During the three months ended March 31, 2020, the Company received capital contribution of $15,200 from its new majority shareholder, Weining Zheng, for working capital uses. The capital contribution was recorded in additional paid-in-capital.

 

NOTE 5 – RELATED PARTY TRANSACTIONS

 

In support of the Company’s efforts and cash requirements, it may rely on advances from related parties until such time that the Company can support its operations or attains adequate financing through sales of its equity or traditional debt financing. There is no formal written commitment for continued support by officers, directors, or shareholders. Amounts represent advances or amounts paid in satisfaction of liabilities. The advances are considered temporary in nature and have not been formalized by a promissory note.

 

Since its inception through December 31, 2019, the Company’s former sole officer and director, Marat Asylbekov, loaned the Company an aggregate of $26,524 to pay for incorporation costs and operating expenses. As of December 31, 2019, the amount outstanding was $26,524. The loan was non-interest bearing, due upon demand and unsecured. On January 22, 2020, the Company and Mr. Asylbekov entered into a debt forgiveness agreement pursuant to which Mr. Asylbekov forgave the loan with the principal amount of $26,524 that the Company owed to him. Therefore, the Company recorded the $26,524 forgiven loan as a capital transaction in the three months ended March 31, 2020.

 

During the three months ended March 31, 2020, the Company received capital contribution of $15,200 from its new majority shareholder, Weining Zheng, for working capital uses.

 

During the three months ended March 31, 2019, the Company’s former sole officer and director, Marat Asylbekov, provided office space to the Company.
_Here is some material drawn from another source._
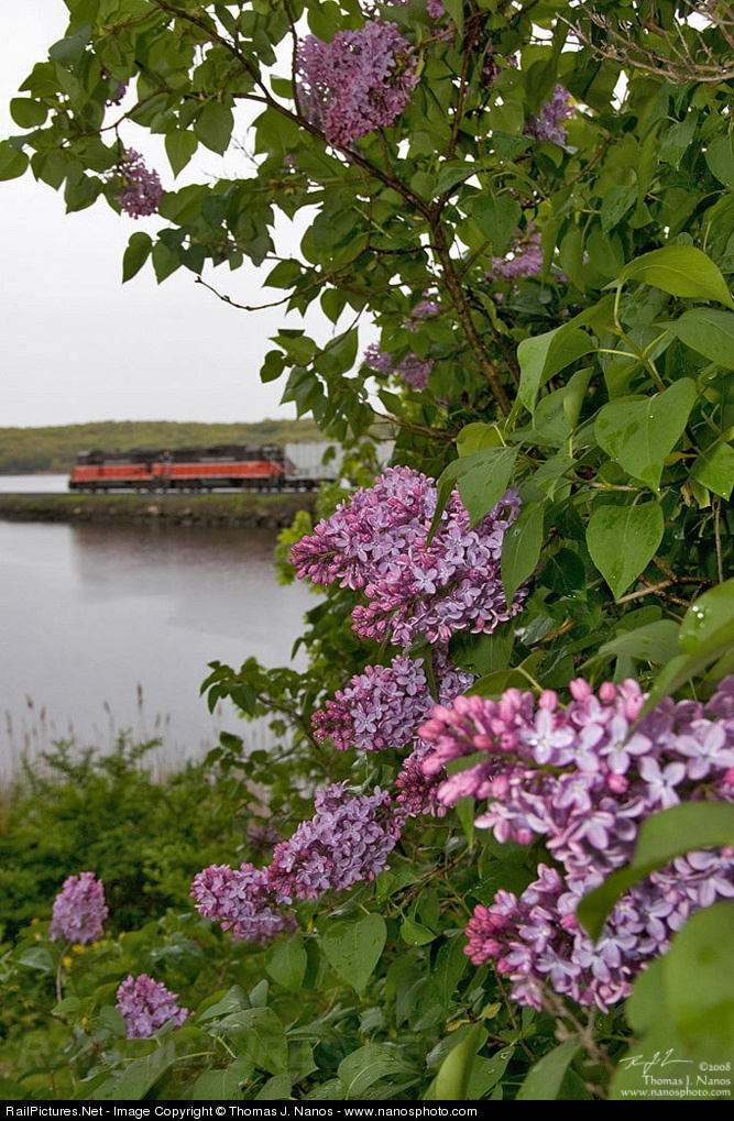| Lilacs and locomotives. P&W train NR-2 rolls in the background, blending diesel exhaust with new lilac blooms. Canon EOS 20D, Sigma 18-50mm f/2.8 EX DC |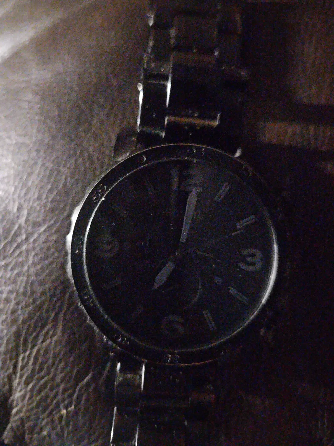 Selling a Fossil men's watch. It has a black metal band and face. It's in good condition, ready for a new wrist has a little scratch.

The Company did not pay any rent to Mr. Asylbekov. Following the change of control, Li Deng, the Company’s sole executive officer and director, provides office space to the Company free of charge. As a result, there was no rent expense for the three months ended March 31, 2020.

 

NOTE 6 - SUBSEQUENT EVENTS

 

In accordance with ASC 855-10, the Company has analyzed its operations subsequent to March 31, 2020 has determined that it does not have any material subsequent events to disclose in these financial statements other than the one below:

 

  In March 2020, the Word Health Organization has declared the spread of the novel coronavirus and related illness known as COVID 19 a pandemic. The global economy (including China, the Company’s base of operations) has been significantly impacted by the pandemic. The Company’s current business plans and initiatives have been and are expected to continue to be impacted by the pandemic. The extent of the impact of COVID 19 pandemic on the Company’s ability to execute its business plans and initiatives will depend upon the developments related to the pandemic, including the duration and spread of the COVID 19 and lockdown restrictions imposed by the respective global governments and oversight bodies. All of these factors are uncertain and cannot be easily estimated given the novelty of the pandemic and the risk of outbreak recurrences even in places (such as in China) where initial outbreaks have subsided. Given the dynamic nature of pandemic situation, the Company cannot reasonably estimate the impact of COVID 19 on its future operational and financial performance and implementation of its business plans.

 

9

 

 

Item 2. Management’s Discussion and Analysis of Financial Condition and Results of Operations

 

The following discussion and analysis of our results of operations and financial condition should be read together with our unaudited condensed financial statements and the notes thereto, which are included elsewhere in this report and our Annual Report on Form 10-K for the year ended December 31, 2019 (the “Annual Report”) filed with SEC. Our financial statements have been prepared in accordance with U.S. GAAP. In addition, our financial statements and the financial information included in this report reflect our organizational transactions and have been prepared as if our current corporate structure had been in place throughout the relevant periods 

 

Exent Crop. (the “Company,” “we” or similar terminology) was incorporated in the state of Nevada on February 15, 2017. Our original business was manufacturing and selling steel drywall studs in the Kyrgyz market to wholesale customers. During the fiscal year of 2019, we sold machine for studs manufacturing as it was outdated. Production thereafter was temporarily on hold until new equipment was to be purchased.

 

On February 3, 2020, pursuant to a stock purchase agreement dated on January 21, 2020, an individual investor (Mr. Weining Zheng) purchased 1,500,000 shares of our common stock from our then majority shareholder, Marat Asylbekov, representing 74% of the voting securities of the Company (the “Change of Control”).

 

Following the Change of Control, we changed our business plan to engage in smart-home business in the People’s Republic of China.

 

We plan to conduct smart-home business in the People’s Republic of China, with a focus on developing, promoting and executing high quality integrated smart-home systems and solutions. We are presently evaluating the optimal corporate and legal structures in China necessary to establish our business or to acquire and/or invest in existing smart home businesses. We aim to start the smart-home business in 2020 and the funds to financing the start-up of the new business or acquisition of and/or investment in existing smart home businesses will primarily come from our major shareholder.

 

However, our plan to operate in the smart home industry may be adversely impacted by the novel coronavirus epidemic, which was first reported to have surfaced in Wuhan, China, in December 2019, and is now continuing to spread throughout China and other parts of the world. Although China has made great efforts to contain the spread of the virus and has appeared to bring the outbreak under control, the economy, financial market and businesses in China have suffered from the pandemic. As a result of the epidemic and its socioeconomic impact in China, we may change our plan to do business in other industries in China should we determine that it is no longer in the best interest of our stockholders and the Company to proceed with our original plan.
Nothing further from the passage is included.